In this case, the tree starts with a single lineage which may split after some time.

This result cannot be compared directly with Eq. (8) of the present study which defines the time of origin of a BD tree as that of the first bifurcation. To make a comparison between the two approaches requires a slight modification of the argument presented in subSect. 2.1, where we now interpret the MRCA of the subtree highlighted in Fig. 1 to mark the “birth” of either one of its daughter trees.

Thus, the probability that a tree that starts with a single lineage at time T – τ will have grown to size n at time T is proportional to

$$ 2p_{n}^{2} (\tau ) + 2p_{n} (\tau )(1 - p_{n} (\tau )) = 2p_{n} (\tau ). $$

(A.2)

After normalising with \(2\sum\nolimits_{n = 0}^{\infty } {p_{n} (\tau )} = 2\), this probability is found to be simply equal to \(p_{n} (\tau )\), which should then replace \(\hat{p}_{n} (\tau )\) in Eq. (3). Otherwise, the procedure for calculating the new distribution, which will be denoted as \(\tilde{P}(\tau |n,\lambda ,\mu )\), is exactly the same as that followed in deriving Eq. (8).
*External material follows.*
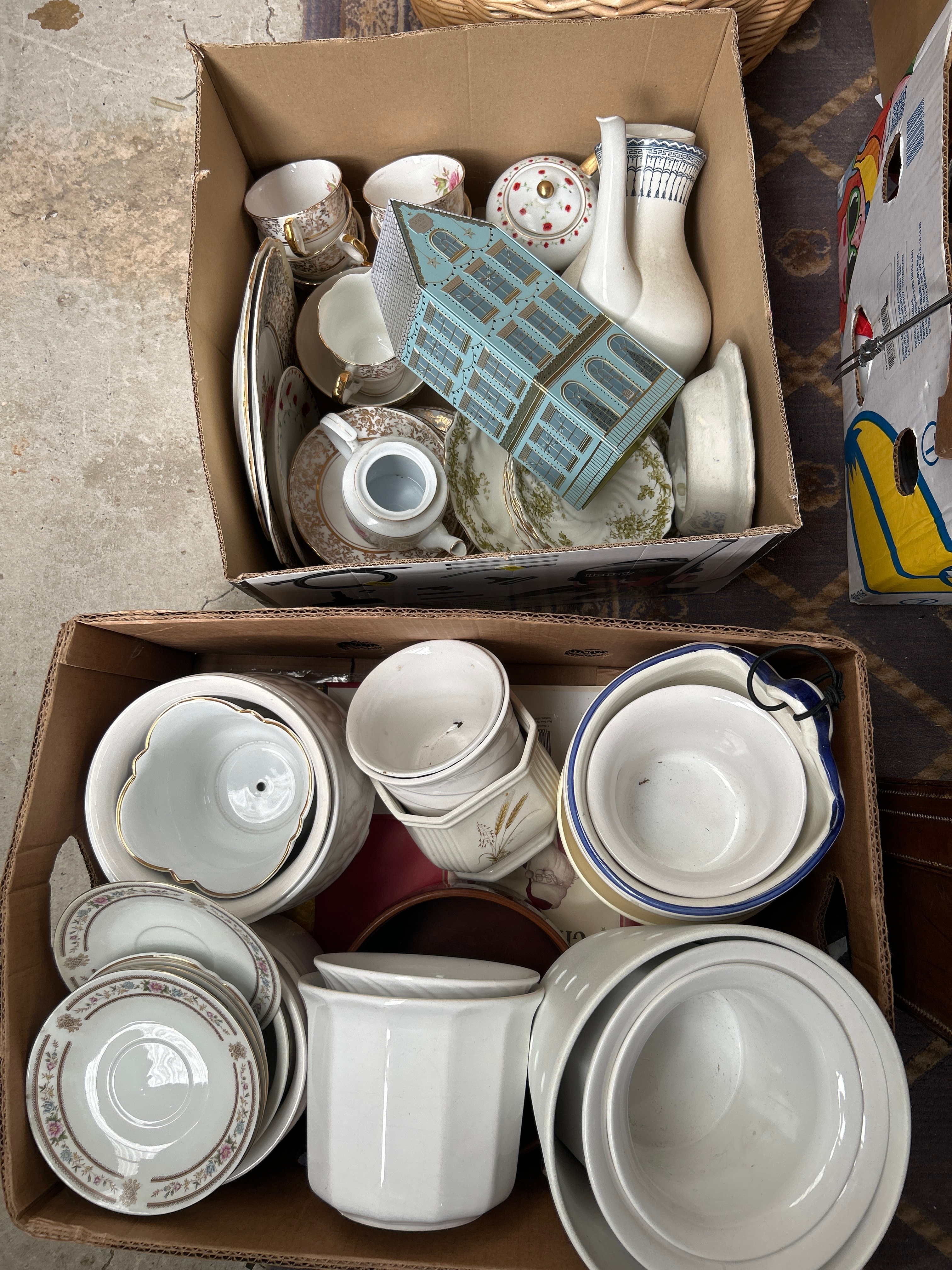 This lot comprises a varied collection of porcelain and ceramic dinnerware and decorative items. The top box contains a mix of fine china tea cups and saucers with gilded and floral patterns, some featuring pink roses or green foliage. Also present are a small lidded sugar bowl with red floral decoration, a plain white ribbed vase, and another white vase or creamer with a blue Greek key pattern along the rim. A light blue decorative tin shaped like a building, marked “M&S,” is included. The bottom box holds a selection of predominantly white ceramic bowls, plates, and saucers; some feature fluted or scalloped edges, one bowl has a faint wheat design, and another set of nesting bowls exhibits a distinct blue rim. The saucers display intricate floral and geometric border patterns. Materials are primarily porcelain and various ceramics, with one tin item.

The analogue of Eq. (5) is

$$ \tilde{P}(\tau |T,n,\lambda ,\mu )d\tau = \tilde{C}_{n} (T,\lambda ,\mu )e^{ - 2(\lambda - \mu )\tau } \frac{{\left( {1 - e^{ - (\lambda - \mu )\tau } } \right)^{n - 1} }}{{\left( {1 - \frac{\mu }{\lambda }e^{ - (\lambda - \mu )\tau } } \right)^{n + 1} }}d\tau , $$

(A.3)

where \(\tilde{C}_{n} (T,\lambda ,\mu )\) is the normalisation factor which, in the limit T → ∞, follows from

$$ \begin{aligned} \mathop {\lim }\limits_{T \to \infty } \tilde{C}_{n} (T,\lambda ,\mu )^{ - 1} & = \int_{0}^{\infty } {d\tau e^{ - 2(\lambda - \mu )\tau } } \frac{{\left( {1 - e^{ - (\lambda - \mu )\tau } } \right)^{n - 1} }}{{\left( {1 - \frac{\mu }{\lambda }e^{ - (\lambda - \mu )\tau } } \right)^{n + 1} }} \\ & = \frac{1}{\lambda - \mu }\left( {\frac{1}{n(1 - \mu /\lambda )} - \sum\limits_{k = 0}^{\infty } {\frac{{(\mu /\lambda )^{k} }}{n + k + 1}} } \right). \\ \end{aligned} $$

(A.4)

With tree age τ thus redefined, its distribution now becomes

$$ \tilde{P}(\tau |n,\lambda ,\mu ) = \frac{{\lambda (1 - \mu /\lambda )e^{ - 2(\lambda - \mu )\tau } \left( {1 - e^{ - (\lambda - \mu )\tau } } \right)^{n - 1} }}{{\left( {\frac{1}{n(1 - \mu /\lambda )} - \sum\limits_{k = 0}^{\infty } {\frac{{(\mu /\lambda )^{k} }}{n + k + 1}} } \right)\left( {1 - \frac{\mu }{\lambda }e^{ - (\lambda - \mu )\tau } } \right)^{n + 1} }}, $$

(A.5)

which differs from Eq. (A.1) by an extra factor \(e^{ - (\lambda - \mu )\tau }\) (and hence, the normalisation constant will also be different). It should be noted that this is precisely the factor by which the average total population from which the clade is sampled would have shrunk when returning to the point where the MRCA emerged.

That the results are not identical is therefore not surprising based on the different perspectives, viz. a uniform prior on time of origin vs. a picture based on a subtree embedded in an exponentially increasing population (assuming λ and μ known).